Chiropiezoelectric Energy Harvesting from Lattice-Handedness-Controlled Selenium Nanowires
Abstract
The growth of wearable electronics, soft robotics, and Internet-of-Things systems has intensified the demand for inorganic piezoelectric materials that harvest weak biomechanical energy. Advances through composition optimization, defect engineering, strain engineering, and orientation control have improved existing electromechanical responses, but have not introduced a new mechanism for enhancing piezoelectricity. Here we propose atomic chirality engineering as a design principle for inorganic piezoelectric nanomaterials.

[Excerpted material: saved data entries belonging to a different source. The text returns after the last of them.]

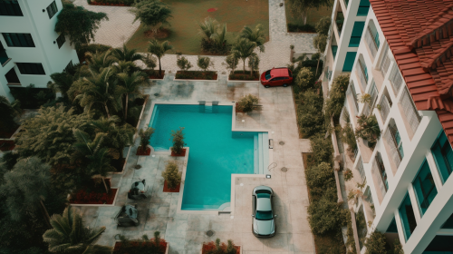 a satelite view photograph of a beachfront two floor villa on the beach of Zanzibar. Villa is built in Mykonos style, with big square windows with black frames. Villa is of light stone color and has a swimmin pool in front
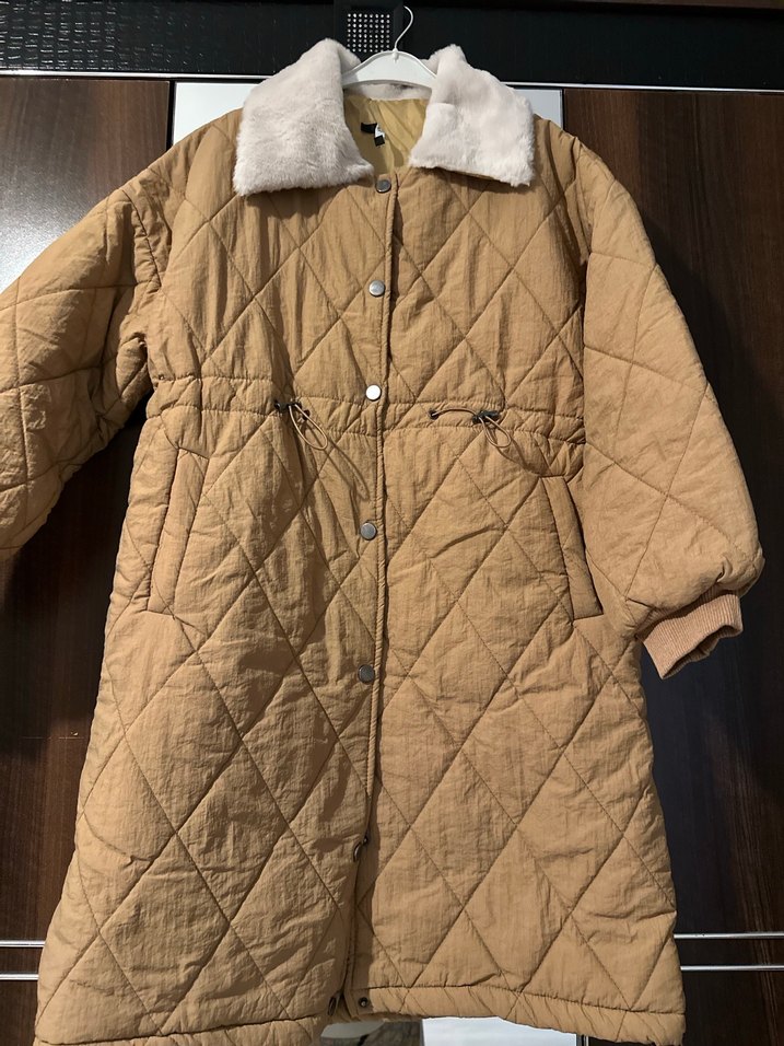 Kahverengi, parlak görünümlü kadın kışlık mont; kürklü, kesik yaka, uzun kollu ve normal kesim. Midi boy, kapitone dikişli, fermuarlı ceplidir. ❄️
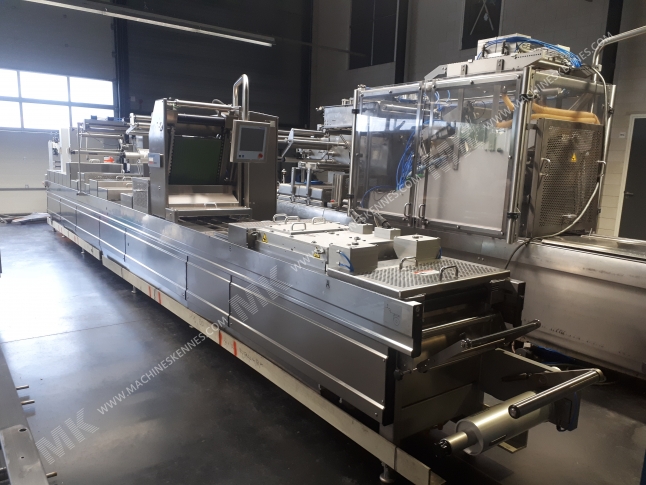 Dieser gebrauchte Multivac R272 CD Darfresh Tiefziehmaschine Maschine ist in 2008 gebaut. Die Maschine hat eine Filmbreite von 466mm, auf der Maschine ist einem Ausgang von 250mm jetzt. Das Format wird jetzt in einem 3.1 Format geteilt. Die Maschine ist mit 2 Formate ausgestattet. Diese Formate können für Skinverpackungen verwendet werden. Das Format hat keinen Stempel. Der Rahmen der Maschine ist jetzt 10500mm lang, aber wir können immer dieses an die Abmessung justieren, die Sie benötigen.
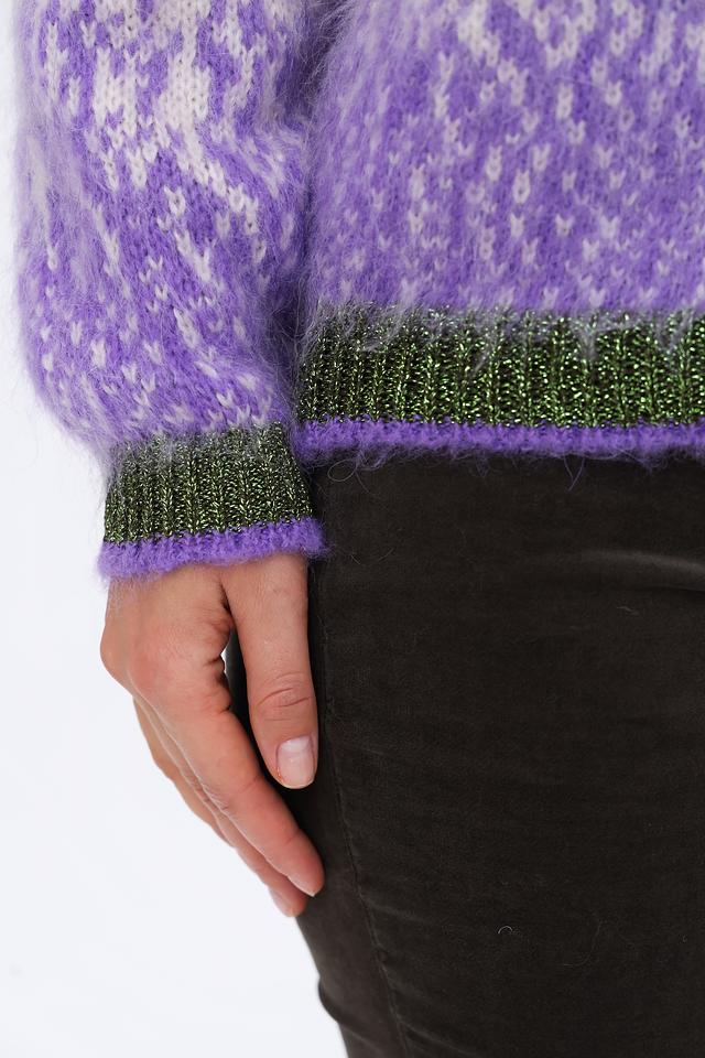 Пуловер имеет круглый вырез горловины и длинные рукава. В состав изделия входит акрил, мохер, полиамид, вискоза и эластан, что обеспечивает приятные тактильные ощущения, хорошую посадку по фигуре и устойчивость к деформации.

Unlike conventional strategies that modify composition or morphology, atomic chirality alters the handedness of the crystal lattice itself, adding a degree of freedom for controlling dipole alignment, electromechanical coupling, and potentially spin-dependent transport. Using atomically chiral trigonal selenium nanowires as a model system, we show that crystal handedness alone changes piezoelectric performance at identical chemical composition. Piezoresponse force microscopy resolved a consistent enantiomeric difference, with right-handed D-Se nanowires reaching a higher effective piezoelectric coefficient than their left-handed counterparts, and flexible nanogenerators and self-powered acoustic sensors built from the two enantiomers produced distinct outputs under identical deformation. This work establishes atomic chirality as a distinct route for designing piezoelectric materials, one that may extend across non-centrosymmetric inorganic semiconductors for sustainable energy harvesting and wearable sensing.